#### [WHAT IS NEEDED]
Write out the following listing's lines from the one with "美背内衣加厚吊带小背心夏季超厚8CM聚拢小胸一体带胸垫文胸裹胸" to the one with "第一维度:按照被监听的对象划分:ServletRequest域 HttpSession域 ServletContext域", exactly, with both included and no others.

#### [RECORD EXTRACTS]
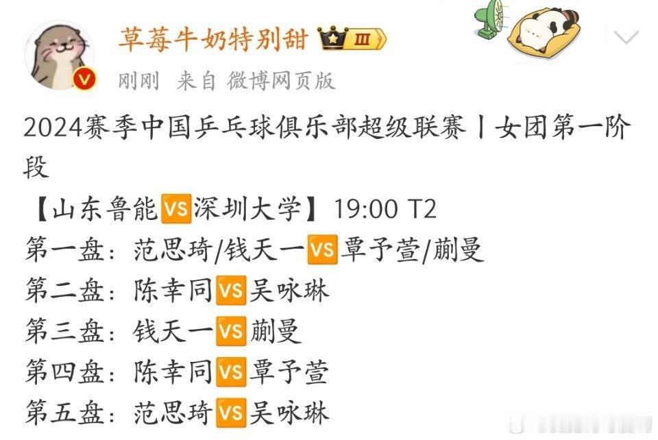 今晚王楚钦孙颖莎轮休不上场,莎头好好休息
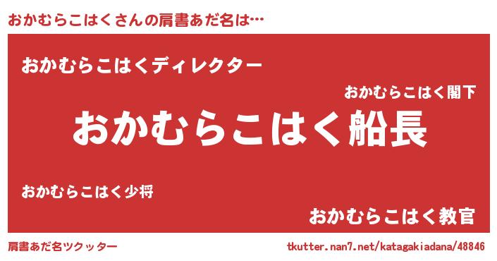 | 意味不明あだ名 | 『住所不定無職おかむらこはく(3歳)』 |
==
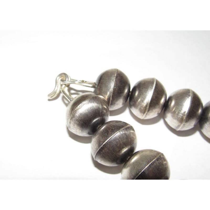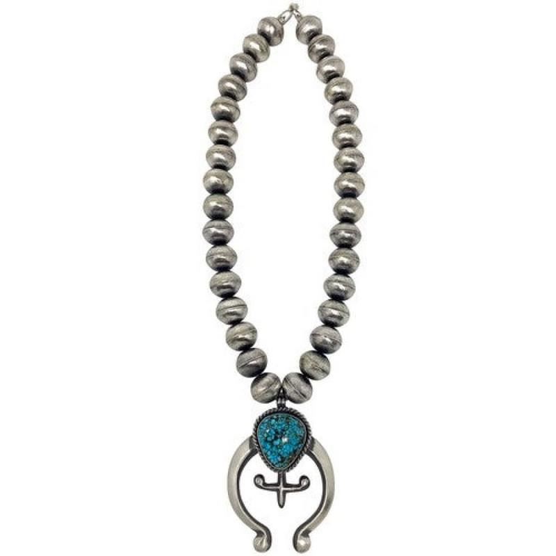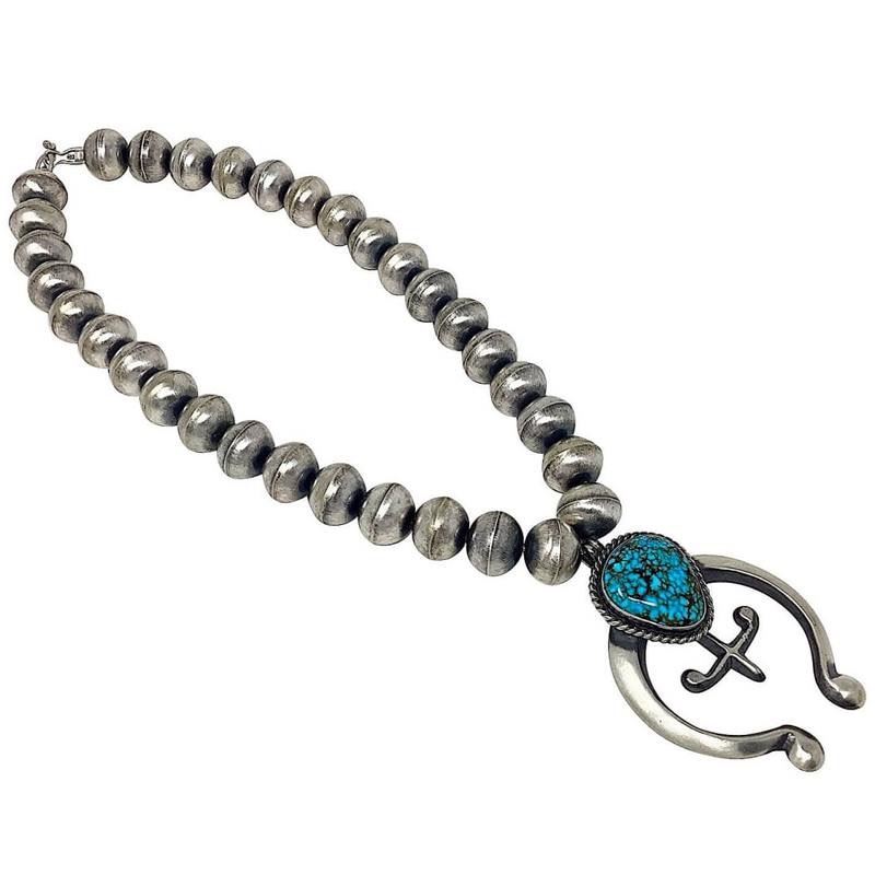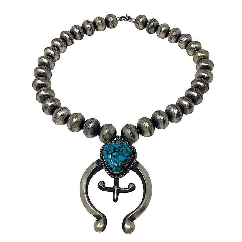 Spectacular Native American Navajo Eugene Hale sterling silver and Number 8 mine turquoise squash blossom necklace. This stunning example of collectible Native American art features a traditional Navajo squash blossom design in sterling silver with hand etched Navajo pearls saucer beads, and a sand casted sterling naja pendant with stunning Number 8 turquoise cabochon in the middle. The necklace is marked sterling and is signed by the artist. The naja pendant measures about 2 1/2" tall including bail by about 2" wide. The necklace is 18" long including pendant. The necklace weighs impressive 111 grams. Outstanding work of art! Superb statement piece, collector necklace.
--
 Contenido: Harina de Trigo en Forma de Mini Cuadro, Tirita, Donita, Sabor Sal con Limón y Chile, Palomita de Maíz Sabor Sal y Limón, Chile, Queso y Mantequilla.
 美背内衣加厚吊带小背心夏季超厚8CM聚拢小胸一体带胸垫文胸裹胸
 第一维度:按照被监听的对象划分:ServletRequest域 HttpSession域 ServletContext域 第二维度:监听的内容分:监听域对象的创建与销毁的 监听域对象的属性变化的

#### [ANSWER AREA]
 美背内衣加厚吊带小背心夏季超厚8CM聚拢小胸一体带胸垫文胸裹胸
 第一维度:按照被监听的对象划分:ServletRequest域 HttpSession域 ServletContext域 第二维度:监听的内容分:监听域对象的创建与销毁的 监听域对象的属性变化的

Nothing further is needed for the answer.